WHAT THE EXERCISE ASKS: The output should be the listing below, limited to the lines from the one with "Слайд 22Вначале лыжи" through the one with "2023年12月,中信泰富(87%)联合", exact and without pictures.

EXERCISE INPUT:
Content starts
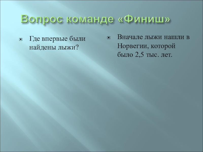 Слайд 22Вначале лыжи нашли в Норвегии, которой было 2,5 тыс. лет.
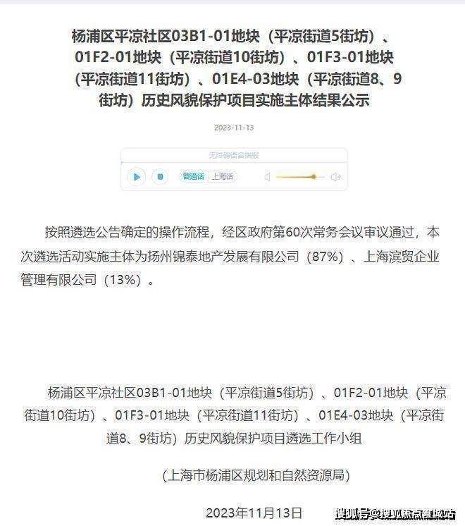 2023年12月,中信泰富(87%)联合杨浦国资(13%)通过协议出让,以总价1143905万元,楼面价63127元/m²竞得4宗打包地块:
Content ends
Content starts
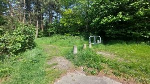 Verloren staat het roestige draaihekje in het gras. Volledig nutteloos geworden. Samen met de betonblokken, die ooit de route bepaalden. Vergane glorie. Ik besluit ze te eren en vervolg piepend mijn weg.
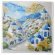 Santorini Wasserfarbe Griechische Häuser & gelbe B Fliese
Content ends
Content starts
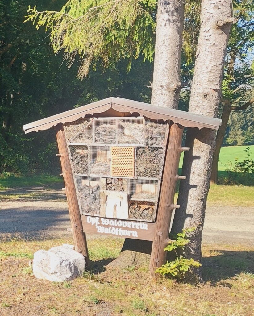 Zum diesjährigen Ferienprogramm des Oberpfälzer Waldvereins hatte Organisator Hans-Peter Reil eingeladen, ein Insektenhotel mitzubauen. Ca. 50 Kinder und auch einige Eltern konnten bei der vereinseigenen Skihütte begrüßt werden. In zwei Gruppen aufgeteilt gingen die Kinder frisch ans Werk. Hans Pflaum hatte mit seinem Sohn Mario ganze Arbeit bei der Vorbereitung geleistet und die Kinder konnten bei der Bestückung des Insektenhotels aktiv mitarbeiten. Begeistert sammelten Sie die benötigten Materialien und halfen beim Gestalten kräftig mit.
Content ends
WRITTEN SOLUTION:
 Слайд 22Вначале лыжи нашли в Норвегии, которой было 2,5 тыс. лет.
 2023年12月,中信泰富(87%)联合杨浦国资(13%)通过协议出让,以总价1143905万元,楼面价63127元/m²竞得4宗打包地块:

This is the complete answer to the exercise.